Prima Materia


The stone is below thee, as to obedience;
above thee, as to dominion;
therefore from thee, as to knowledge;
about thee, as to equals.
- Rosinus ad Sarratantam Episcopum: Magus Philosophus

The prima materia is the basis of the alchemical opus which, according to Jung (1967), “represents the unknown substance that carries the projection of the autonomous psychic content” (p. 317). Under philosophical influence, essentially Alchemy stated in its doctrine that metals, like human beings, had body and soul, with the soul as a finer form of corporeality, therefore the soul or primitive stuff (prima materia) was common to all metals, and in order to transmute one metal into another they had to produce a tincture of its soul – extracting its prima materia, or original essence.

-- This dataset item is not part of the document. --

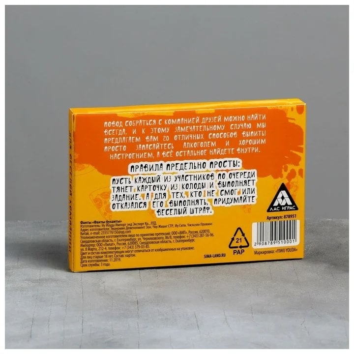 Купить игра для компании "фанты буханты" 20 карт от 100 руб. с доставкой до пункта выдачи в Кашире. Интернет магазин ДекаМаркет. Оплата при получении.

Because the substance emanates from the individual, and is unique to each, it is impossible to specify; i.e., as Jung (1967) summarizes, for one it was Quicksilver, “for others it was ore, iron, gold, lead, salt, sulphur, vinegar, water, air, fire, earth, blood, water of life, lap[is, poison, spirit, cloud sky, dew, shadow, sea, mother, moon, dragon, Venus, chaos, microcosm”; in Ruland’s lexicon there are no less than fifty synonyms (p. 317). For Komarios it was “Hades”; in Olympiodorus the “accursed of God” contained in the black earth; in the “Consilium coniugii” it is the “animal of earth and sea,” “man,” or “part of man,” (hair, blood, etc…); for Dorn it was “Adamica” as Paracelsus limbus microcosmicus; while for others it was the “fiery and perfect Mercurius”, the true hermaphroditic “Adam and Microcosm”; for Hermes Trismegistus it was the “orphan”; for Mylius it was the elementum primordiale as the “pure subject and the unity of forms” in which any form may be assumed; in the Rosarium it is the radix ipsius (root of itself) (Jung, 1967, pp. 319-320). The definitions range from chemical to mythological to philosophical in nature, and while in function unique to each alchemical treatise – physical or psychic – the synonyms all point to the same goal: the extraction or realization of the primal, purified, original matter (psychologically, the Self). Hoghelande (“De alch. diff.,” Theatr. chem., I, pp. 198f.) says:

They have compared the prima materia to everything, to male and female, to the hermaphroditic monster, to heaven and earth, nobody and spirit, chaos, microcosm, and the confused mass [massa confusa]; it contains in itself all colors and potentially all metals; there is nothing more wonderful in the world, for it begets itself, conceives itself and gives birth to itself (Jung, 1967, p. 319).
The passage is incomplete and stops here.